Ben Ben - 21 days ago 16
R Question

Does XGBoost distinguish between missing values and 0s in a sparse matrix in R?

Sometimes features can have 0s and missing values. For example, maybe you measure the strike-outs per game per pitcher for a set of baseball pitchers, and you end up with a feature vector like

feats <- c(NA, NA, NA, 3.7, 0, 2.2)


Here, 1 pitcher averaged 0 strikeouts per game and 3 pitchers didn't log any data because they haven't pitched a game yet.

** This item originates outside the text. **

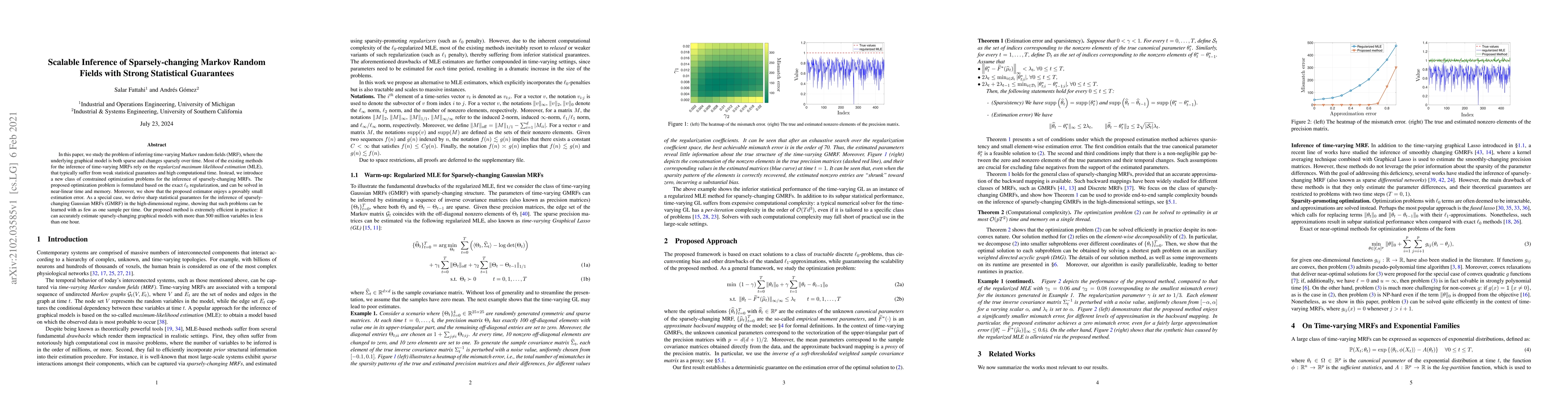 This paper proposes a new optimization method for inferring sparsely-changing Markov Random Fields (MRF) with strong statistical guarantees, offering near-linear time and memory efficiency. The method achieves provably small estimation error, especially for high-dimensional Gaussian MRFs, and can handle over 500 million variables in under an hour.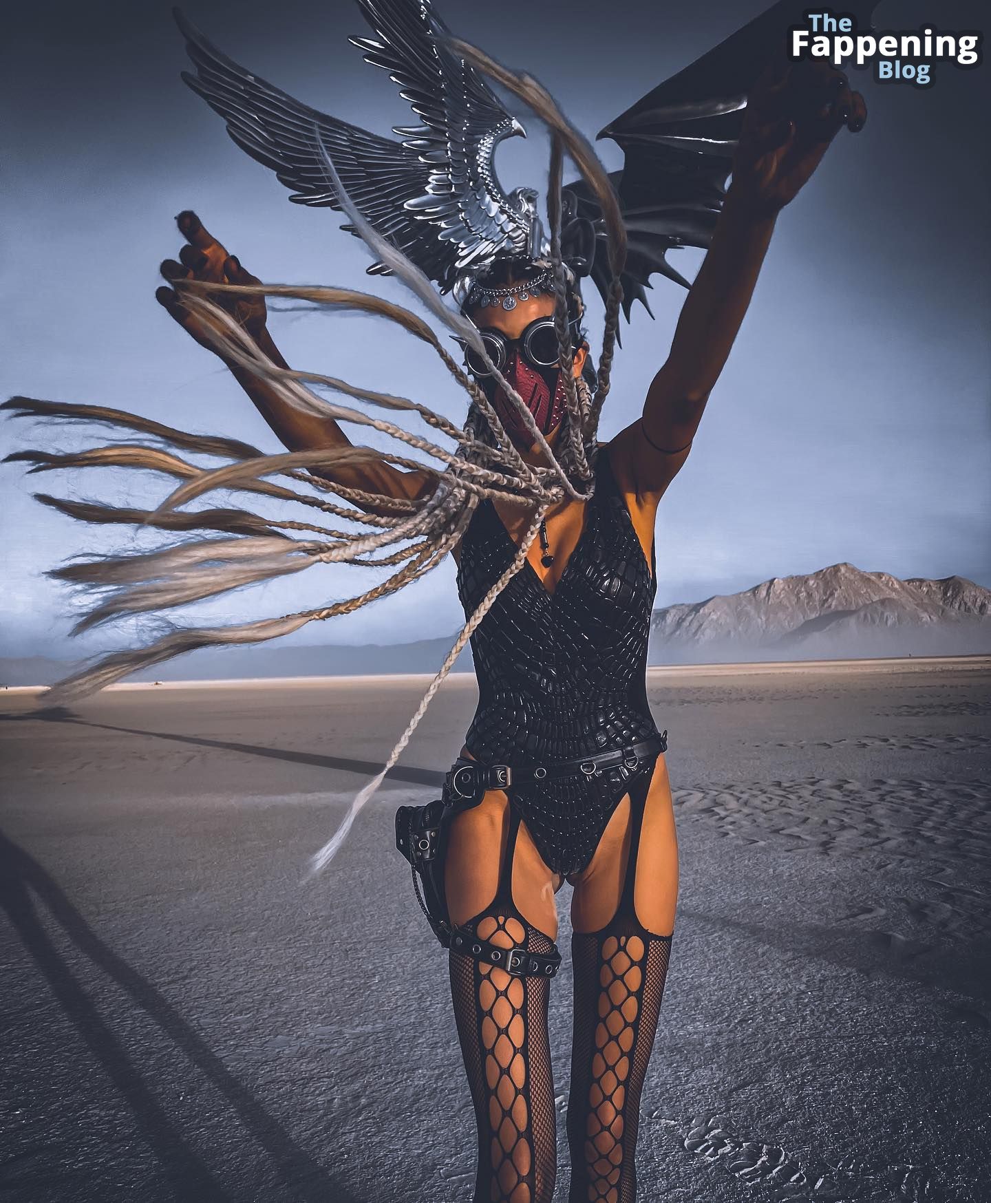 Six photos ont été prises sur le fond épique des sculptures et installations de Burning Man, leur insufflant cette énergie spéciale et cette ambiance de liberté. Le visage et le corps de Kelly sont baignés par les rayons dorés du coucher de soleil, amplifiant sa beauté naturelle et son éclat. Les autocollants en forme d’étoiles sur sa poitrine reflètent la lumière, créant un effet visuel hypnotisant. Et en arrière-plan, vous pouvez apercevoir des œuvres d’art complexes et les silhouettes d’autres festivaliers, ajoutant cette vitalité et ce dynamisme supplémentaires à ces images captivantes.

When we convert this to a sparse matrix we get something like

library(Matrix)
sparse1 <- sparseMatrix(i=4:6, j=rep(1, 3), x=c(3.7, 0, 2.2), dims=c(6, 1))
sparse1

[1,] .
[2,] .
[3,] .
[4,] 3.7
[5,] 0.0
[6,] 2.2


Here, the
dgCMatrix
class clearly distinguishes missing data from 0s, but from what I understand, missing data in a
dgCMatrix
is assumed to take on the value 0.

What I'm wondering is, when XGBoost attempts to split this data, does it treat the 0s and the missing data separately? In other words, when XGBoost tries to split on this feature, does it follow the NA protocol (checking both split directions) for the missing data, or does it send the missing data to the same location as the non-sparse 0 values?

Answer

To answer the exact question though:

yes, a missing value is not considered for the gain computation (does not add to the sum of gradient and hessian of the children in a boosting tree) while a 0 value is considered (and adds to the sum of gradient and hessian of the children in a boosting tree)

So, a 0 and a missing value is not the same.